Top of Supplied records

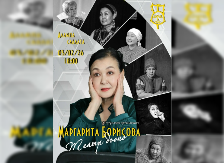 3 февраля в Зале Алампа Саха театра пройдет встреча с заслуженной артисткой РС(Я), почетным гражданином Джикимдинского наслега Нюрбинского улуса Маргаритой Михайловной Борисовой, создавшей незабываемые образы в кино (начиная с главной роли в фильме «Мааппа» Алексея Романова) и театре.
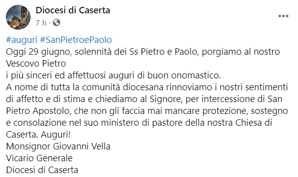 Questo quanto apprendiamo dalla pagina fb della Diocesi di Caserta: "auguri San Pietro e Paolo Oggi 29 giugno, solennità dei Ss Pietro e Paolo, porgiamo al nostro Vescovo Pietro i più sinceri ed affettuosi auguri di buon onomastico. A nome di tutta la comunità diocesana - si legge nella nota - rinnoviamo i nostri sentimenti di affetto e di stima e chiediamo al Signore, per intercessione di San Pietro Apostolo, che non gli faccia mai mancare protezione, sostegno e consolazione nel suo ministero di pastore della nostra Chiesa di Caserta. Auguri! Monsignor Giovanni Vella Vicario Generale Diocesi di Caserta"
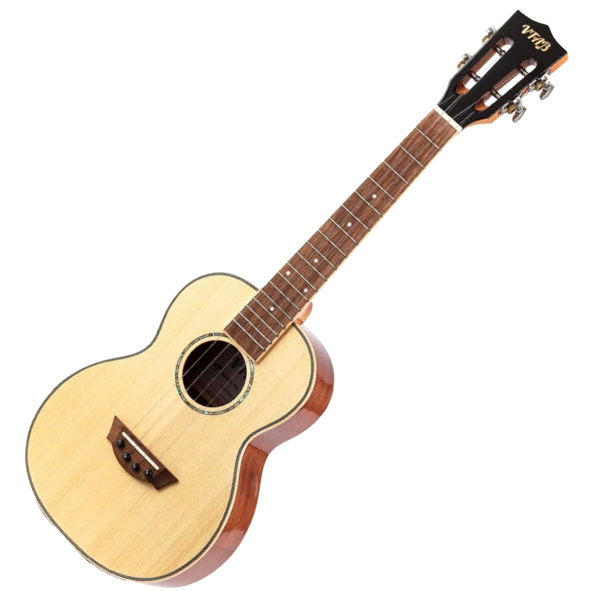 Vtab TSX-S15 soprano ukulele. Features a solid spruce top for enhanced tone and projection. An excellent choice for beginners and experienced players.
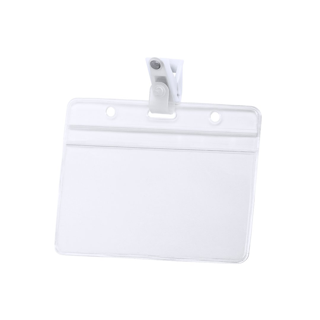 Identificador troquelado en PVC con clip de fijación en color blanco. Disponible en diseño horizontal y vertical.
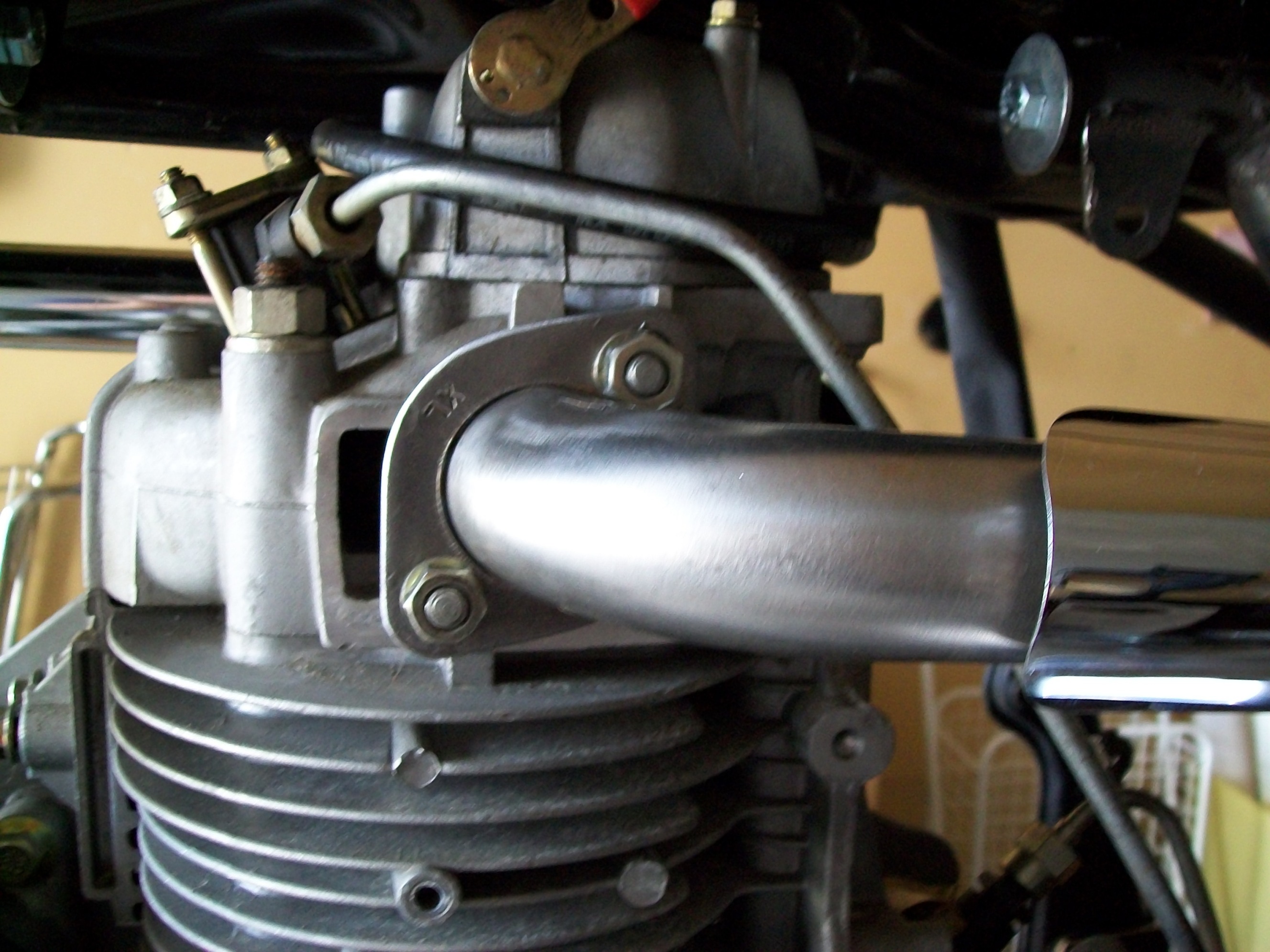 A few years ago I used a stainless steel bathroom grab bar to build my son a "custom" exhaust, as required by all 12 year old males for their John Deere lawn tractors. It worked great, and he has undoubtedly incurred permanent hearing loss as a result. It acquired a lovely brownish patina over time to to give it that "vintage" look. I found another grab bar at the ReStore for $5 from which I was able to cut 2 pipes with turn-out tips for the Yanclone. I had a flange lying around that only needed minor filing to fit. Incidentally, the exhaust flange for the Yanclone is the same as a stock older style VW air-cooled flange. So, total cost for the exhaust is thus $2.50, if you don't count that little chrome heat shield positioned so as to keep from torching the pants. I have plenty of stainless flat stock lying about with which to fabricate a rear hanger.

Bottom of Supplied records

**Exercise details**. Quote the records above in full, dropping each picture.

**Solution for this exercise**.
 3 февраля в Зале Алампа Саха театра пройдет встреча с заслуженной артисткой РС(Я), почетным гражданином Джикимдинского наслега Нюрбинского улуса Маргаритой Михайловной Борисовой, создавшей незабываемые образы в кино (начиная с главной роли в фильме «Мааппа» Алексея Романова) и театре.
 Questo quanto apprendiamo dalla pagina fb della Diocesi di Caserta: "auguri San Pietro e Paolo Oggi 29 giugno, solennità dei Ss Pietro e Paolo, porgiamo al nostro Vescovo Pietro i più sinceri ed affettuosi auguri di buon onomastico. A nome di tutta la comunità diocesana - si legge nella nota - rinnoviamo i nostri sentimenti di affetto e di stima e chiediamo al Signore, per intercessione di San Pietro Apostolo, che non gli faccia mai mancare protezione, sostegno e consolazione nel suo ministero di pastore della nostra Chiesa di Caserta. Auguri! Monsignor Giovanni Vella Vicario Generale Diocesi di Caserta"
 Vtab TSX-S15 soprano ukulele. Features a solid spruce top for enhanced tone and projection. An excellent choice for beginners and experienced players.
 Identificador troquelado en PVC con clip de fijación en color blanco. Disponible en diseño horizontal y vertical.
 A few years ago I used a stainless steel bathroom grab bar to build my son a "custom" exhaust, as required by all 12 year old males for their John Deere lawn tractors. It worked great, and he has undoubtedly incurred permanent hearing loss as a result. It acquired a lovely brownish patina over time to to give it that "vintage" look. I found another grab bar at the ReStore for $5 from which I was able to cut 2 pipes with turn-out tips for the Yanclone. I had a flange lying around that only needed minor filing to fit. Incidentally, the exhaust flange for the Yanclone is the same as a stock older style VW air-cooled flange. So, total cost for the exhaust is thus $2.50, if you don't count that little chrome heat shield positioned so as to keep from torching the pants. I have plenty of stainless flat stock lying about with which to fabricate a rear hanger.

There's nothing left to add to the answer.